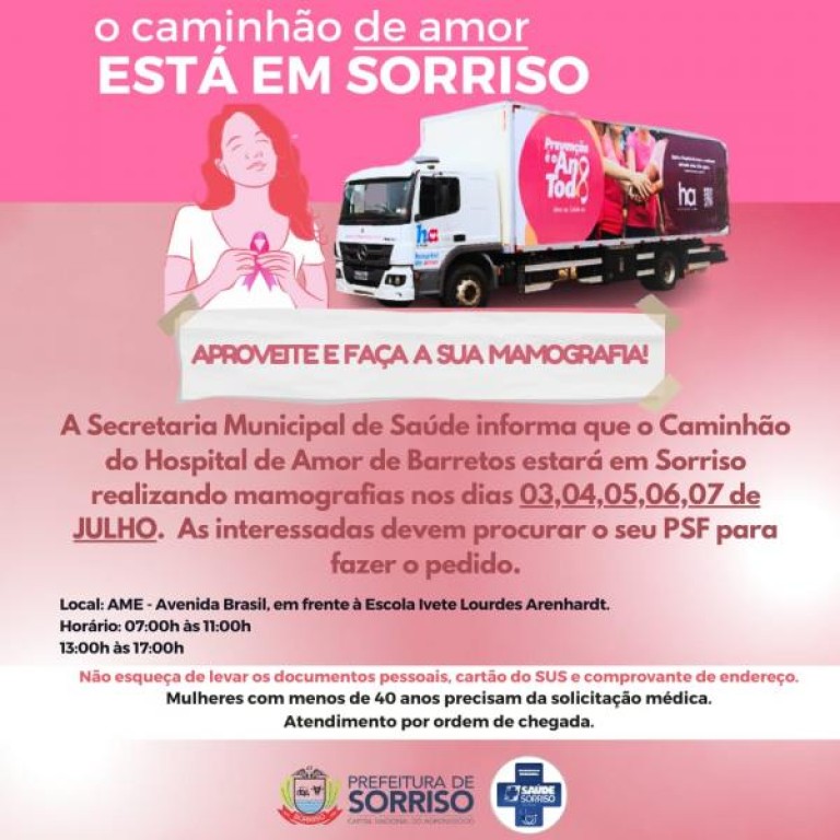 É mulher, tem 40 anos ou mais e reside em Sorriso? Então esse recadinho é para você! Na próxima semana, entre os dias 03 a 07 de julho, a unidade móvel do Hospital de Amor de Barretos estará atendendo no Município para realização de mamografias.
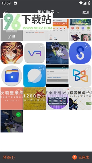4、登录完成后点击正下加号按键,进入需要分享的头像选择界面选择好后点击已完成;
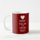 Criar sua própria versão pessoal do ícone do coração do "mantêm a calma e continuam" o poster em uma caneca! Esta versão tem uma obscuridade afligida - fundo vermelho. Vá adiante e encha seu próprio texto nas caixas fornecidas, e sinta-o livre personalizar como desejado. Excelente para isso especial alguém em sua vida! Tenha o divertimento e aprecie-o!
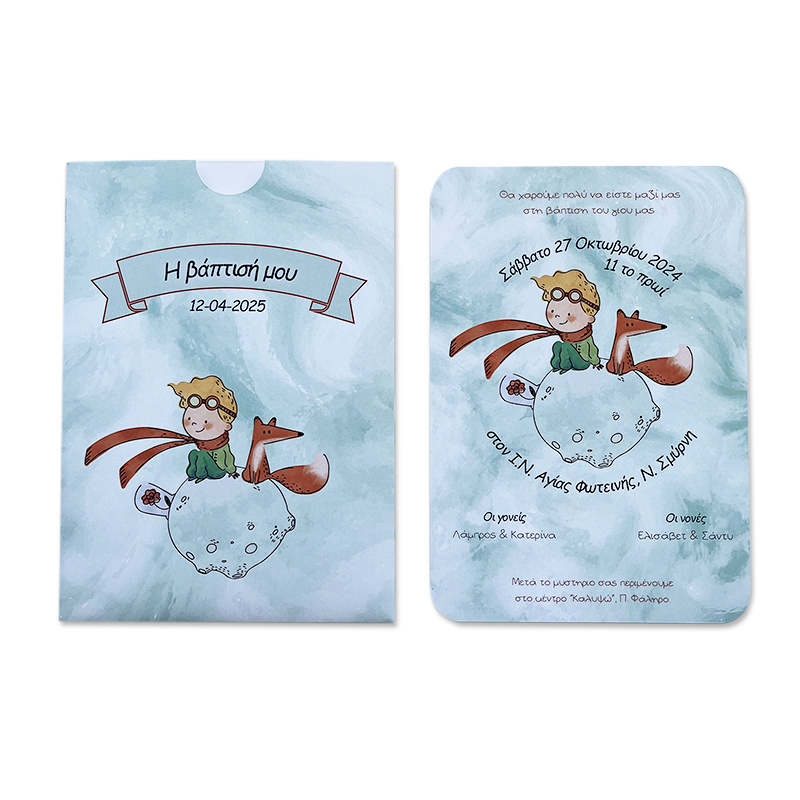 Προσκλητήριο βάπτισης Ο Μικρός Πρίγκιπας, με συρταρωτό εκτυπωμένο φάκελο.
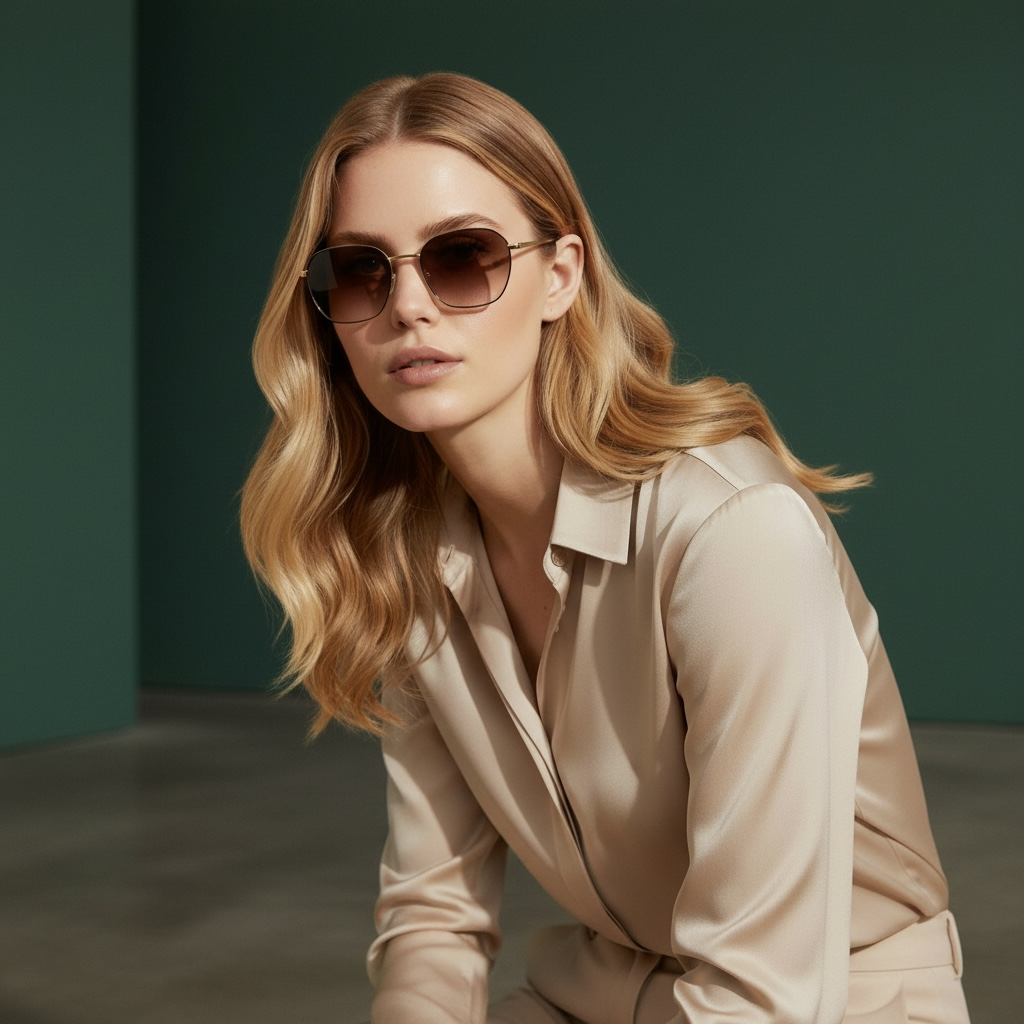 Lunettes femme au design moderne et élégant, avec des verres bruns doux et une monture dorée ultra-fine. Le modèle octogonal apporte une touche sophistiquée et tendance, tout en restant léger et confortable. Un style chic, minimal et idéal pour un look féminin raffiné au quotidien. Protection UV incluse et finition premium.
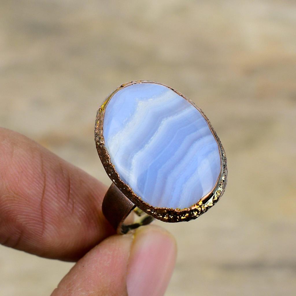 Кольцо с голубым кружевным агатом, гальванопластическое медное кольцо, регулируемые кольца, ювелирные изделия ручной работы, кольцо с драгоценным камнем, гальванопластическое медное ювелирное изделие, подарок на годовщину — купить товар онлайн с бесплатной доставкой по всему миру!
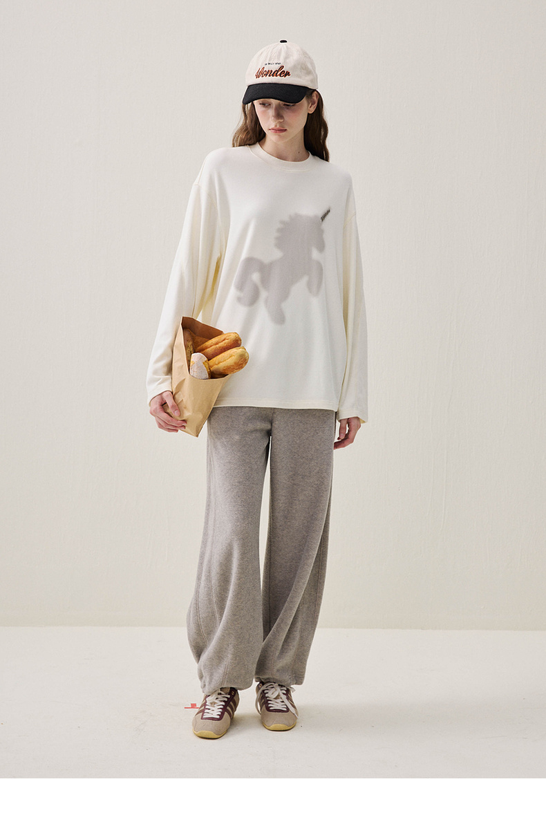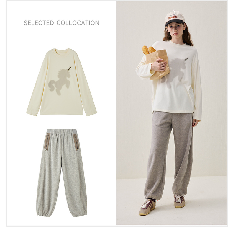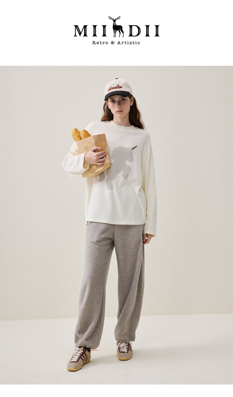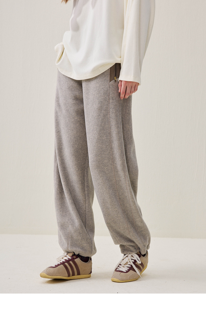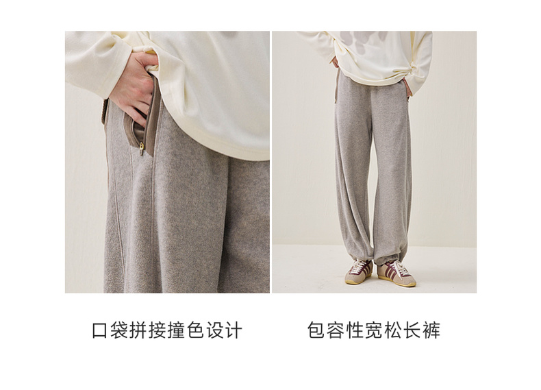 谜底松弛宽松廓形长裤2025年冬季新品复古拼接休闲裤女254MK1671
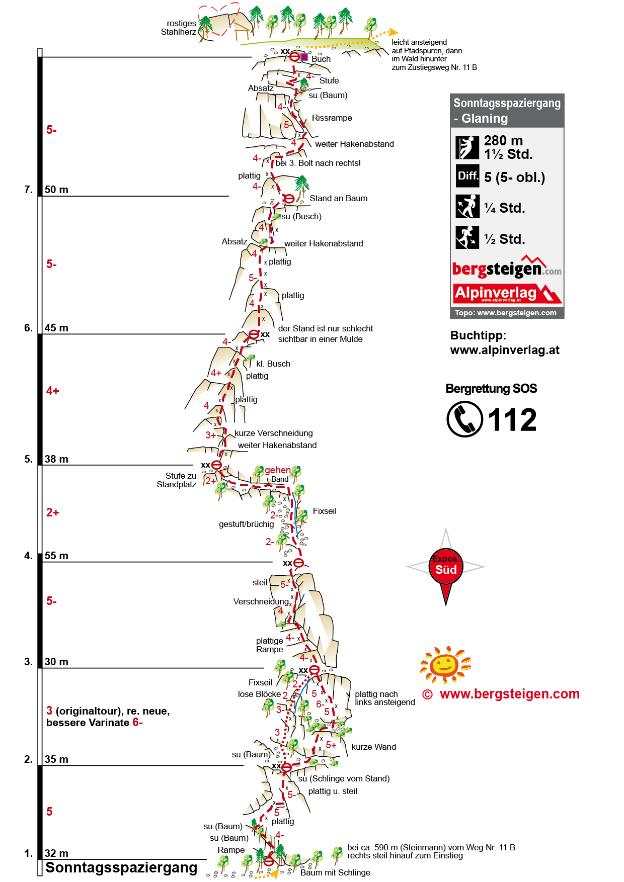 Der Sonntagsspaziergang ist die rechte Route mit Bohrhaken unterhalb des Gasthofes Noafer in Glaning. Die Route hat durchaus Charme und wirklich schönen Kletterpassagen - im leichteren Gelände muss man aber schon mal etwas weiter vom Bohrhaken wegklettern, da sollte nur ein sicherer Vorsteiger voran gehen. Das Klettern an den rötlichen Porphyr-Felsen macht aber Spaß und man hat einen perfekten Ausblick auf Bozen bzw. sieht man in der Ferne die spitzen Felszacken der Dolomiten. Ein lohnendes Kletterabenteuer, welches man wegen dem kurzen Zu- und Abstieg auch gut mit der links daneben liegenden "Dirty Flirty" (6-/6, sehr gut mit Bohrhaken abgesichert) kombinieren kann.
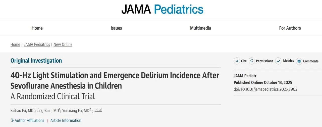 近日,河南省人民医院麻醉与围术期医学科张加强与孙铭阳团队在国际权威期刊《美国医学会儿科期刊》(《JAMA Pediatrics》)在线发表论文《40-Hz Light Stimulation and Emergence Delirium Incidence After Sevoflurane Anesthesia in Children: A Randomized Clinical Trial》。研究揭示了在全身麻醉诱导后使用40Hz光刺激干预1小时,可显著降低儿童麻醉苏醒期谵妄的发生率。该研究为儿科麻醉安全提供了全新的非药物干预方案。
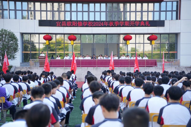 云天收夏色,木葉動秋聲。9月1日上午,宜昌歐陽修學(xué)校2024級新生開學(xué)典禮暨優(yōu)秀學(xué)生表彰大會在操場隆重舉行。秋霜未起,柔光已至。清晨秩序井然的操場,迎來了朝氣蓬勃的2024級新生。恰同學(xué)少年,風(fēng)華正茂,莘莘學(xué)子,上下求索,為歐校注入嶄新活力。伴隨著雄壯的國歌聲五星紅旗冉冉升起,開學(xué)典禮正式拉開了序幕。
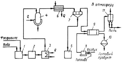 Рис. 5. Схема опытно-промышленной установки переработки гипсовых отходов: 1 – смеситель; 2 – емкость-накопитель; 3 – расходная емкость; 4 – автоклав; 5 – сборник фильтрата; 6 – теплообменник; 7 – ленточный вакуум-фильтр; в-топка; 9 – сушильный барабан; 10 – бункер; 11 – циклон
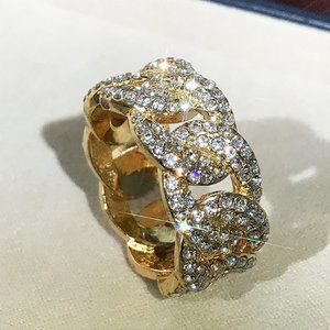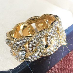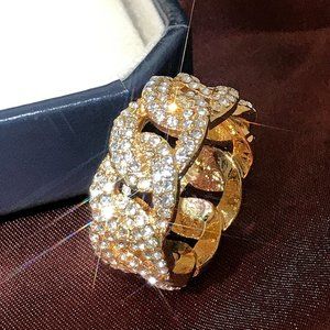 🌸Crystal Zircon Hip Hop Iced Out 18K Gold Plated Mens Diamond Ring, UNVN12381
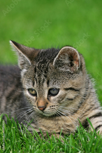 kitten lying in grass
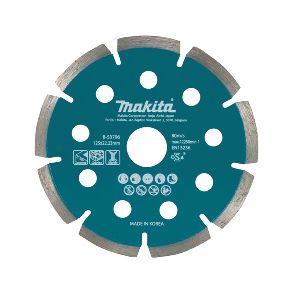 Дијамантското сечило Makita од 125 мм е идеално за безбедно и брзо сечење, нудејќи издржливост и брзина при употреба. Погодно за гранит, витрифицирана глина, пороз камен, тврда тула, шкрилец, тврд варовник, клинкер, варовничка тула, средно тврда тула, ситнозрнеста тула, бетон, гипс, тврд камен.
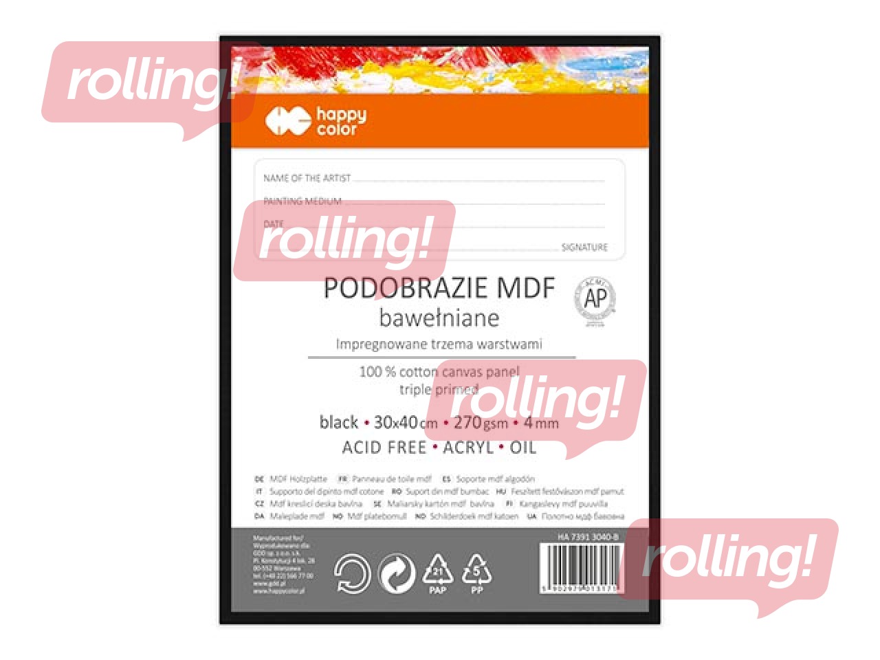 Audekls uz kartona Happy Color 30x40 cm, melns Salīdzināt

━━━━━━━━━━━━━━━━━━━━

◆ THE PROBLEM ◆
"云天收夏色,木葉動秋聲。9月" marks the first line to copy, and "Diamond Ring, UNVN12381" marks the last. Repeat that stretch above exactly, with no pictures.

◆ WRITTEN REPLY ◆
 云天收夏色,木葉動秋聲。9月1日上午,宜昌歐陽修學(xué)校2024級新生開學(xué)典禮暨優(yōu)秀學(xué)生表彰大會在操場隆重舉行。秋霜未起,柔光已至。清晨秩序井然的操場,迎來了朝氣蓬勃的2024級新生。恰同學(xué)少年,風(fēng)華正茂,莘莘學(xué)子,上下求索,為歐校注入嶄新活力。伴隨著雄壯的國歌聲五星紅旗冉冉升起,開學(xué)典禮正式拉開了序幕。
 Рис. 5. Схема опытно-промышленной установки переработки гипсовых отходов: 1 – смеситель; 2 – емкость-накопитель; 3 – расходная емкость; 4 – автоклав; 5 – сборник фильтрата; 6 – теплообменник; 7 – ленточный вакуум-фильтр; в-топка; 9 – сушильный барабан; 10 – бункер; 11 – циклон
 🌸Crystal Zircon Hip Hop Iced Out 18K Gold Plated Mens Diamond Ring, UNVN12381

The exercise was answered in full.